Rating scales

Rating scales

Practical tips for using scales in surveys at work without needing to be a statistician

One day, a couple of years ago, an HR director at the company where I was working decided to do a feedback survey for all employees. It was a simple questionnaire where you mark all the things you like or dislike about our company and their team, answer a couple of questions, and rate some things. I'm not a fan of such a formal method of receiving feedback, but that's okay. Among other things, the questionnaire had the following question:

Rate on a scale of 1 to 10: How often do you receive feedback about your work from your team lead?
0 (not at all) 1 2 3 4 5 6 7 8 9 10 (often)

Okay, this is definitely not a precise question about the frequency of feedback, but more about feelings. With it, we might do a rough check-up on our employees to see if they are satisfied with the amount of feedback they receive or not. But then, I asked:

"Why do we need a scale of 10 for that? Let's do yes/no/"don't know" or maybe a 5-point scale?'

I got an answer that immediately triggered all the warning signs:

"We will do that for precision, to compare between different teams."

Let's break down what's wrong with using a 10-point scale first, and then discuss what could be improved and why one should care about it.

What is "mid"

This is quite obvious. Different people will find their "average" in different places; for many, it will be around 7, for some it will be 5, or even 4. It definitely doesn't help that no references were provided. By the way, the true average of the scale is 5.5, which isn't even on the scale in the first place.

To illustrate this, take a look at the IMDb's movie rating distribution:

The average for this 1 - 10 scale is 6.3.

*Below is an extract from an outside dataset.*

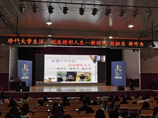 11月26日下午,我校金融财会学院《珍惜大学生活,创造精彩人生——新时代,新担当,新作为》专题讲座在潍坊工商职业学院第一报告厅举行。本次讲座由公共基础部主任、党支部书记王桂珍老师担任主讲,旨在督促同学们勇于担当、锐意进取,成为有理想、有抱负的新时代大学生。
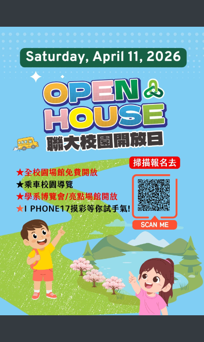 說明: 一、為協助高中職學生瞭解大學校系特色與未來發展方向,本校特辦理「OPEN HOUSE聯大校園開放日」活動。 二、活動時間:115年4月11日(六)上午9時至下午16時。 三、活動地點:國立聯合大學八甲校區圖書館前中軸道。 四、參與對象:全國各高中職學生、師長及家長。 五、活動內容包含: (一)各院系特色攤位展示。 (二)校園參訪與導覽解說。 (三)闖關集章活動與抽獎。 (四)校級單位聯合諮詢服務(招生、住宿、獎助學金等)。 六、檢送報名資訊(附件一)及活動海報(附件二),敬請協助公告並鼓勵學生踴躍參與,各校如有30人以上團體參訪需求,歡迎事先聯繫,將安排專車接送服務。 |

The discrepancies between different people's averages will, well, average out across many responses, but when we're talking about comparing responses between multiple teams of 5 or 10 people each, the averages simply don't have time to converge.

Oh, and what different people consider "mid" even before assessing it numerically is also different, just in case.

What is distance?

A difference of 1 point on a scale will mean something different for every person. Because of that (and a few other things), you simply cannot compare values on it numerically, nor can you take an average. That is an issue even if you provide a clear reference for each point; the scale is inherently vague.

The averages on such scales can be somewhat comparable if you compare them by groups of, let's say, 100 answers. Hopefully, if you also have a low variance, i.e., low "overlap" between these distributions. But in practice, no one will be looking at that or bothering with such thorough analysis. It is not really needed, as I will show later.

Precision

Increasing the number of points doesn't help either. It does not increase precision. The HR from my example above was just lowering the signal-to-noise ratio while simultaneously fooling themselves into believing that differences in numbers correspond with some real effects.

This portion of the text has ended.